General formula for pairing members of array?

Question

Hello guys I am having the following problem:

I have an array with a lenght that is a multiple of 4 e.g:

{1,2,3,4,5,6,7,8}

I want to know how can i get the numbers in the following pairs: {1,4},{2,3},{5,8},{6,7}.....(etc)

Suppose i loop through them and i want to get the index of the pair member from my current index

int myarr[8]={1,2,3,4,5,6,7,8};

for(int i=0;i<8;i++)
**j= func(i)**

I have thought of something like this:

f(1)=4
f(4)=1
and i would be taking: **f(i)=a * i + b**
(i think a linear function is enough)
It would result: f(i)=j=-i+5 .
How can i generalise this for more then 4 members? What do you do in cases where you need a general formula for pairing elements?

Answer 1

About the generalization, this should do it:

auto pairs(const vector<int>& in, int groupLength = 4) {
    vector<pair<int, int>> result;
    int groups = in.size() / groupLength;
    for (int group = 0; group < groups; ++group) {
        int i = group * groupLength;
        int j = i + groupLength - 1;
        while (i < j) {
            result.emplace_back(in[i++], in[j--]);
        }
    }
    return result;
}

You can run this code online.

If you are just looking for a formula to calculate the indices, then in general case it's:

int f(int i, int k = 4) {
    return i + k - 2 * (i % k) - 1;
}

Turns out your special case (size 4) is sequence A004444 in OEIS.

In general you have "nimsum n + (size-1)".

Answer 2

You could do it as follows by keeping the incremental iteration but use a function depending on the current block and the remainder as follows.

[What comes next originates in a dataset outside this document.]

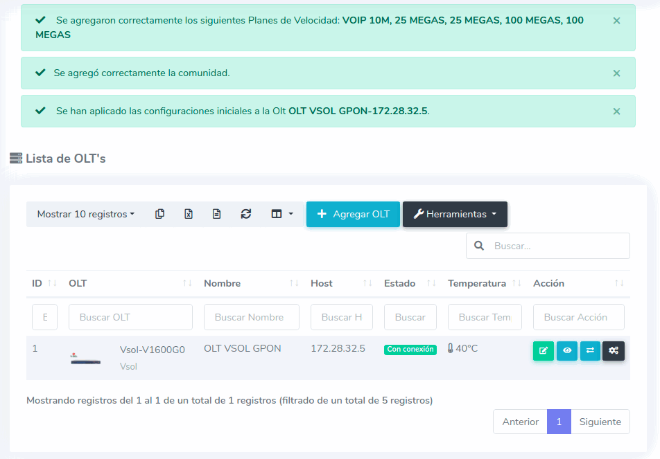 1 Ir a Lista de OLT
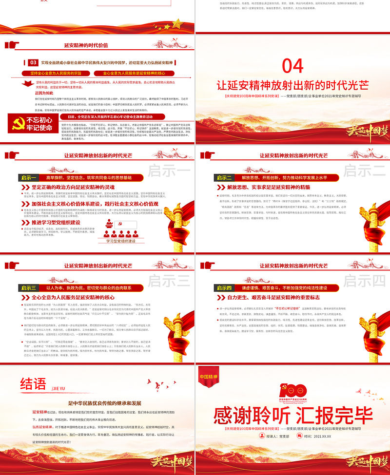延安精神專題匯報:黨支部書記【慶祝建黨100周年中國精神系列黨課】——黨支部/團支部/企事業單位2021年黨史知識專題輔導時間:2021.XX.XX

int myarr[8]={1,2,3,4,5,6,7,8};

int Successor(int i)
{
    int BlockStart = i / 4;
    int Remainder = i % 4;
    int j = 0;
    if ( Remainder == 0 )
        j = 0;
    else if ( Remainder == 1 )
        j = 3;
    else if ( Remainder == 2 )
        j = 1;
    else if ( Remainder == 3 )
        j = 2
    return BlockStart + j;
}

for(int i = 0; i < 8; i++)
{
    j = f(i);
    // usage of the index
}

Answer 3

Basically, if i is odd j would be i+3, otherwise j = i+1;

int func(int i) {
    if(i%2 != 0)
        return i+3;
    else
        return i+1;
}

This will generate

func(1) = 4, func(2) = 3, func(5) = 8, func(6) = 7 // {1,4},{2,3},{5,8},{6,7}.